If you want the best of packages and security, OpenBSD is the best. They check every line of code for vulnerabilities before port something. But the packages are too old and not to much. If you speak for Desktop use PCBSD is the answer. Is easy to use, gui installer, gui package manager. But this is FreeBSD. That means security on FreeBSD system (not on ports). Solid code and ports in the hands of community.
We have 24000 ports and 4000 have no maintainer any more. If you want to help see here. Don't be angry. Don't blame. Help.


----------



## adamk (Dec 13, 2012)

> FreeBSD is server OS. Is to serve. Is not designed to be desktop OS



And yet the FreeBSD Foundation pays someone to port Intel KMS from linux to FreeBSD. This is functionality that has no real use in a server OS, only in a desktop/workstation.


Adam


----------



## sk8harddiefast (Dec 13, 2012)

An OS to be proud about himself must cover a big range of things.
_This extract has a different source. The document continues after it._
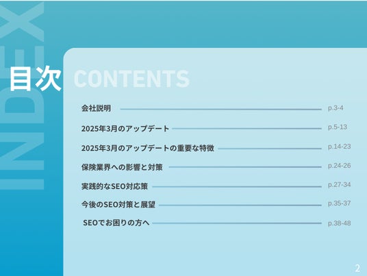 株式会社ベクトル(本社:東京都港区、代表取締役会長兼社長:西江 肇司、東証プライム:6058)の子会社であるOwned株式会社(東京都品川区、代表取締役社長、石井翔、以下「当社」)は、保険業界向けに「Googleアップデートによる分析レポート」の2025年3月版(全48ページ)を無料公開いたしました。

But every OS focus somewhere more than somewhere else


----------



## Martillo1 (Dec 13, 2012)

Today's desktops, even laptops, are more powerful than yesterday's servers.
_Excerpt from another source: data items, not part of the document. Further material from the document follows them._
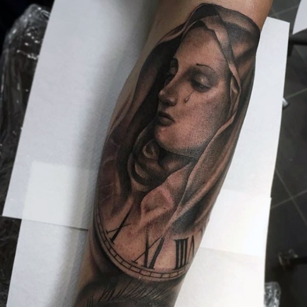 手臂雕刻风格的哭泣女人与时钟纹身图案
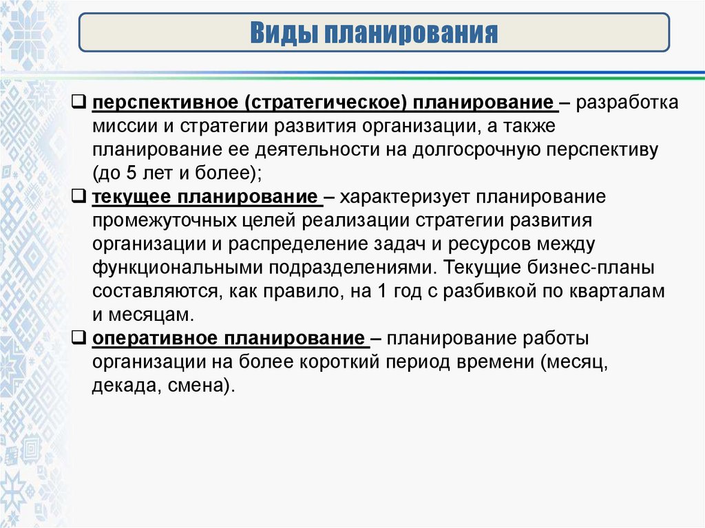 Виды планированияперспективное (стратегическое) планирование – разработка
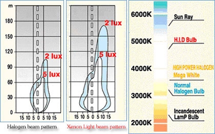 8000K以上蓝光,穿透力极差推荐6000K左右的色温正好是最白略微开始转蓝的色温,人眼容易接受,不易疲劳,提高安全性,而卤素灯则较差。

Next time we'll see tablets as servers. Adapt or die.


----------



## sk8harddiefast (Dec 13, 2012)

I don't think that FreeBSD is not using today's technology.
zfs, ufs, can mount ext3-4, fat, ntfs, support ssh, nfs, samba, multiprocessing support, drivers for wired/lan, for graphics (Not so much as Linux but a wide range) etc. From FreeBSD 10 will change gcc to clang compiler and also there is an effort to BHyVe. Pfsense witch is a great firewall and FreeNAS witch is a great NAS solution are using FreeBSD as base system. FreeBSD try to adapt. Is not staying in the same place. May don't make the hudge steps of Linux. Prefer to do little steps but to be sure about them.
Ports is something completely different. Is not about OS. Is about you and me and who we love the gui and want to bring gui, easy tools and hapiness to FreeBSD. Well a lot of people in FreeBSD's community don't prefer easy tools. PCBSD exist for this reason. On some things personally I prefer easy tools but's ok. That's it. I prefer that better than Linux mess and linux community. When I came here, my first post was about FreeBSD'S future. I was completely jerk and I was not respect nothing. Today I use FreeBSD more than 2 years. Is alive, strong and for me FreeBSD OS and his community is that I was searching for and here I will stay.


----------



## bbzz (Dec 13, 2012)

With all due respect, I just don't agree.


> To keep FreeBSD from gradually becoming a footnote like Minix or Ultrix, someone needs to start focusing on the needs of the millions of people who are not computer hobbyists.



This is the whole point. FreeBSD will never be for people who aren't "hobbyists", period. Nor it should be; this is what linux is trying to figure out and I don't like where it's going/what has become of it, and it's exactly because it can't satisfy huge auditorium, everyone at the same time.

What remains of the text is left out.